The 2nd unit is apparently made in the US.  I didn't think any of these heaters were made in the US or Canada any more.  Every brand I see now is made in China (Holmes, Pelonis, Delonghi, etc.) - if I recall.   

FWIW I have 2 of these units - I believe the older one is a Pelonis, the newer unit is a Delonghi.  They've been running for years now and so far they've been working well.  I just had a furnace shut down recently, and was thinking about some way to deal with this - a few of these units running as a backup while I'm away might keep the place above freezing.  But I'd rather not, I won't leave any electric space heater running unattended for days while I'm away.  I'd rather make the trip back out (or call someone who can) if the furnace quits (looking for some sensors now to alert me if that happens).  

Anyway although these heaters appear to be very safe, like Webbie, I am very paranoid.  I don't just shut them off, I unplug them when I'm leaving (weekend place).  Only run them on low, although my better half will occasionally crank one up if it's a really cold day - but once the wood heat soaks in everywhere, they go to low setting only.  

I have noticed that the older unit has a thinner (probably 16 gauge?) wire whereas the newer one has a much heavier cord (probably a code or standards upgrade) which is surprising as they can draw some current on high setting, but I check the cords religiously and neither has ever been warm to the touch.  I have gone as far as using a spare ceramic tile or a piece of durock (with some felt underneath) as a "platform" that the heater sits on in the corner of the room.  Yeah that's way overkill, but just spare parts, and if a heater decides to drip one day maybe it won't wreck the floor.


----------



## bag of hammers (Feb 4, 2014)

webbie said:


> I just bought two high quality CO detectors in addition to the combined wired-in smoke and CO units in the house.



Can you share the brand / model?  I'm looking for a new CO alarm but I suspect there's a lot of junk on the shelves.  

Anyone have any comments on the Nest CO / smoke detector unit (re: quality?).

https://nest.com/smoke-co-alarm/life-with-nest-protect/


----------



## velvetfoot (Feb 4, 2014)

bag of hammers said:


> (looking for some sensors now to alert me if that happens).



My thermostat, and ecobee smartsi, will send me an email if the temp gets below a temperature I set.


----------



## bag of hammers (Feb 4, 2014)

Thanks velvetfoot - I'll look that one up. 

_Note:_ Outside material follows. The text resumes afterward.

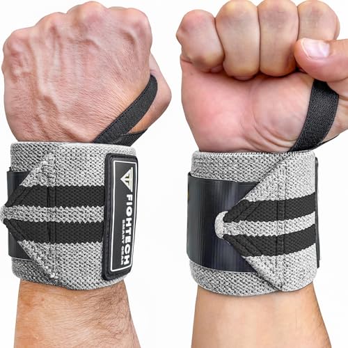 FIGHTECH Wrist Wraps for WeightLifting | 18 inch Professional Grade Lifting Wrist Wraps | Best for Powerlifting Competition, Strength Training, Bodybuilding (Gray, 18 Inch)
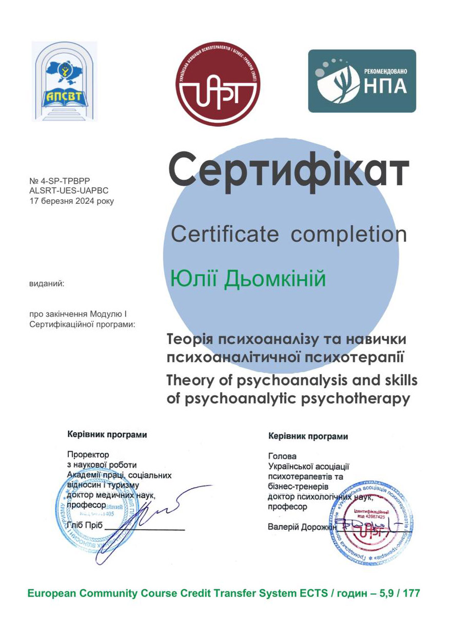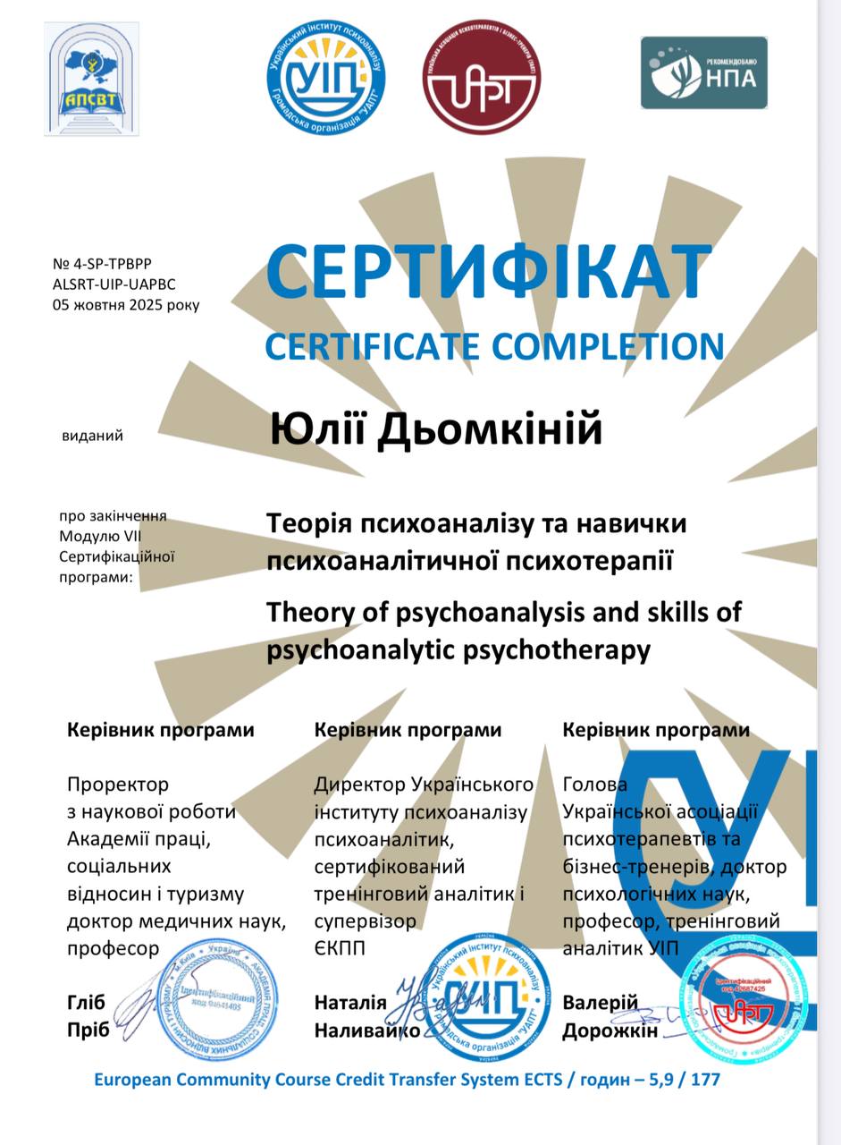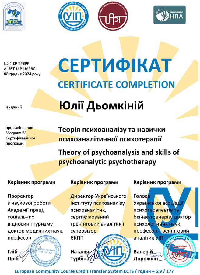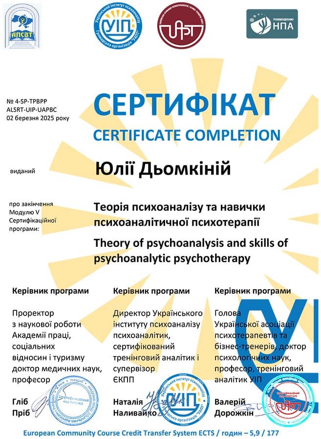 Здебільшого я використовую психодинамічний підхід, позитивні результати клієнтів говорять самі за себе.

I started a thread in the DIY forum on these kinds of gadgets if anyone else has anything to share

https://www.hearth.com/talk/threads/monitoring-temps-while-away.123636/

Sorry webbie didn't mean to hijack the thread...


----------



## Highbeam (Feb 4, 2014)

Even the super cheap and super small electric heaters from walmart are available in a non-glowing configuation. Whether or not something is glowing during normal operation has little to do with whether or not it will start a fire. They are all equally danagerous when they malfuction or when used improperly. Don't be complacent about a heater just because you can't see the wire glow. Most times I've been burned it was by things that weren't glowing.

Right now I have a milkhouse heater keeping my RV trailer at 45 degrees with its thermostat. Unattended for freeze protection. Oh wait, same thing with the electric water heater in my closet. Oh wait, my woodstove is also burning unattended.

This whole thread seems crazy and almost gives the wrong message that only glowing things are dangerous. All energized electrical devices have the potential for starting fires.


----------



## Paul L (Feb 6, 2014)

Might as well toss our knives, bicycles and fiskar x27s while we're at it.   I need to worry more


----------



## billb3 (Feb 6, 2014)

Throw everything out that can be disrespected and abused and contains even the slightest possibility of loss of life and you end up living in a nanny state pod as in the Matrix.
Jesus man at some point you have to become an adult and accept some responsibilities in your life.
prosthelytize safety by all means , but telling other people how  to live their lives is an illness you should see a shrink for.


----------